BREAKING Retool valued at $3.2B after Series C FILE Founded 2017 in San Francisco NOTED Customers include Amazon, DoorDash, Stripe, NBA RECORD Reportedly hit $2M ARR before public launch HQ 1550 Bryant Street, San Francisco TEAM ~430 employees RAISED $165M total funding SHIPPED Retool AI, Mobile, Workflows, Agents BREAKING Retool valued at $3.2B after Series C FILE Founded 2017 in San Francisco NOTED Customers include Amazon, DoorDash, Stripe, NBA RECORD Reportedly hit $2M ARR before public launch HQ 1550 Bryant Street, San Francisco TEAM ~430 employees RAISED $165M total funding SHIPPED Retool AI, Mobile, Workflows, Agents
Company / Developer Tools

Retool.

The quiet plumbing under your favorite company's admin panel. The reason a Stripe engineer goes home for dinner instead of writing yet another CRUD app.

San Francisco, CA Founded 2017 ~430 people
Retool brand image
Fig. 1 — The logo that ate the admin panel. Photographed in its natural habitat: a browser tab nobody will tweet about.
01 / Dispatch from San Francisco

The most important software in your company is the one you never demo.

At any given moment, somewhere inside Amazon, DoorDash, the NBA, Brex, Lyft, and roughly a third of the Fortune 500, a customer-service agent is staring at a screen that does exactly one thing. Refund a charge. Re-route a driver. Reset a vendor's password. Pull a contract. The screen is ugly. The screen is loved. The screen was built in Retool.

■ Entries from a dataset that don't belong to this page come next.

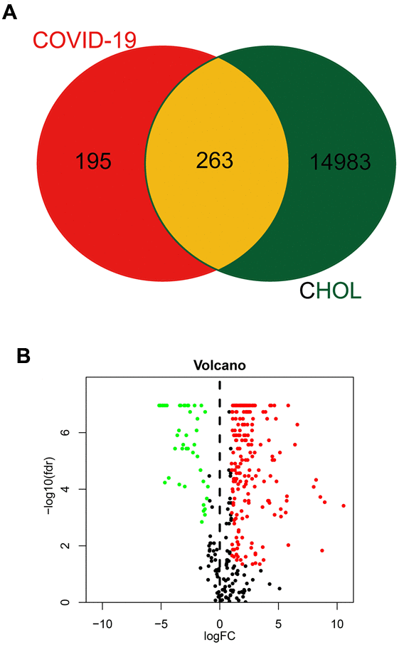 Using the network pharmacology approach, we identified 458 genes associated with COVID-19 (Figure 1A). Meanwhile, 15,246 common differential expressed genes in CHOL patients were obtained from the TCGA database (Figure 1A). When we compared these two gene clusters, we found 263 overlapping genes between COVID-19 and CHOL patients (Figure 1A), in which, 221 genes were up-regulated and 42 genes were down-regulated in CHOL patients (Figure 1B).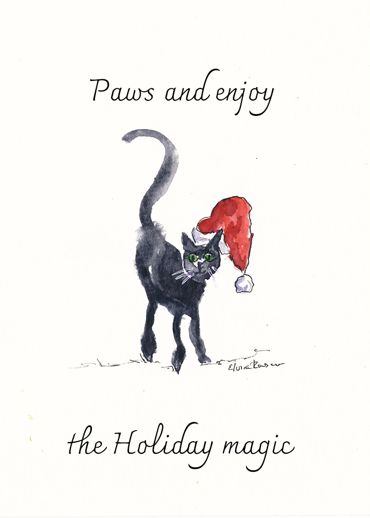 Bring a touch of seasonal charm to your holiday greetings with this delightful watercolor cat card. Featuring an adorable hand-painted cat illustration and the festive message “Paws and Enjoy the Holiday Magic”, this card is perfect for cat lovers, pet parents, and anyone who enjoys whimsical holiday artwork.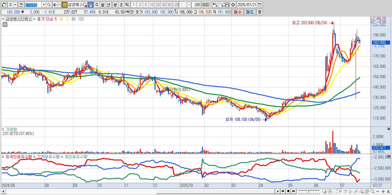 29.삼성에스디에스 183,300원 ▼ -1.45% (KOSPI, 018260)

Retool, the San Francisco company founded in 2017 by a 25-year-old named David Hsu, sells what most engineers privately consider the world's most boring software: internal tools. CRUD apps. Admin panels. Workflows that fire at 3am. The kind of thing that never shows up on a careers page and never wins a design award. By 2022, that boring software had earned the company a $3.2 billion valuation and a customer list that reads like a guest book at Davos.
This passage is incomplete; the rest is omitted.